Governor of Guangdong
- In office January 2003 – 5 November 2011
- Preceded by: Lu Ruihua
- Succeeded by: Zhu Xiaodan

Party Secretary of Guangzhou
- In office April 1998 – September 2002
- Preceded by: Gao Siren
- Succeeded by: Lin Shusen

Personal details
- Born: October 1946 (age 79) Xingning County, Guangdong, China
- Party: Chinese Communist Party

Chinese name
- Traditional Chinese: 黃華華
- Simplified Chinese: 黄华华

Standard Mandarin
- Hanyu Pinyin: Huáng Huáhuá

Hakka
- Romanization: Vong^{2} Fa^{2}-fa^{2}

Yue: Cantonese
- Jyutping: Wong4 Waa4 Waa4

= Huang Huahua =

Chinese politician

Huang Huahua (born October 1946 in Xingning, Guangdong) is a retired Chinese politician, and the Governor of Guangdong between 2003 and 2011. Of Hakka heritage, he was once the mayor of Meizhou.

== Biography ==
Huang was born in Xingning County, Guangdong.
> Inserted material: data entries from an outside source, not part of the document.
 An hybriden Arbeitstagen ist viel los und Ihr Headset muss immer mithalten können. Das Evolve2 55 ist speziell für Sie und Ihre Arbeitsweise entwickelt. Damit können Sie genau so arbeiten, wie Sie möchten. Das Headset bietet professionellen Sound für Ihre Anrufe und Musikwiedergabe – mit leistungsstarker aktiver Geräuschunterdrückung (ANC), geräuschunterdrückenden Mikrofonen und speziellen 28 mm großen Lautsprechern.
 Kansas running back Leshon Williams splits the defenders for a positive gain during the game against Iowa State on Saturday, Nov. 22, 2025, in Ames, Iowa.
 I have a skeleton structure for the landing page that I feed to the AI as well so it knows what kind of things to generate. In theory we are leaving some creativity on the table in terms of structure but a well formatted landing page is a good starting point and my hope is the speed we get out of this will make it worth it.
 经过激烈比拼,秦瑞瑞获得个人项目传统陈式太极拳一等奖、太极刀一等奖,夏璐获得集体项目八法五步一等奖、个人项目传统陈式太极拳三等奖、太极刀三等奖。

Huang graduated in mathematics from Sun Yat-sen University.

From 1970 to 1978, Huang worked at a machinery factory of the Guangdong Coal Mine, joined the Communist Party in 1971 and served as deputy secretary of the workshop Party Branch. He was later promoted to secretary of the Communist Youth League of China (CYLC) Shaoguan Municipal Committee.

Huang was deputy secretary of the CYLC provincial committee from 1982 to 1985 and then secretary of CYLC provincial committee from 1985 to 1987.
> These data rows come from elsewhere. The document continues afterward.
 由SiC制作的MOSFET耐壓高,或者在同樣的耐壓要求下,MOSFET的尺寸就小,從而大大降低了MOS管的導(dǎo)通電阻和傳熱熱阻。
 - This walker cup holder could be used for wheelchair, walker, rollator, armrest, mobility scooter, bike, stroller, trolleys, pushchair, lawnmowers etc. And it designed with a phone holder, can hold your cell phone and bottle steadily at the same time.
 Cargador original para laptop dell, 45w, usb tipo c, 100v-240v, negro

Prior to becoming mayor of Meixian, Huang served as deputy secretary of the CCP Meixian Prefectural Committee.

He was Mayor of Meizhou (1988–1992) and subsequently the CCP party chief in Guangzhou. In January 2003, Huang was made Governor of Guangdong.

The stepping down of Huang as governor in 2011 marked the end of the dominance of the provincial government by the "Hakka clique" (客家帮). In December 2011, Huang was made a deputy chair of the National People's Congress Overseas Chinese Affairs Committee.

Huang was an alternate member of the 15th Central Committee of the Chinese Communist Party, and a full member of the 16th and 17th Central Committees.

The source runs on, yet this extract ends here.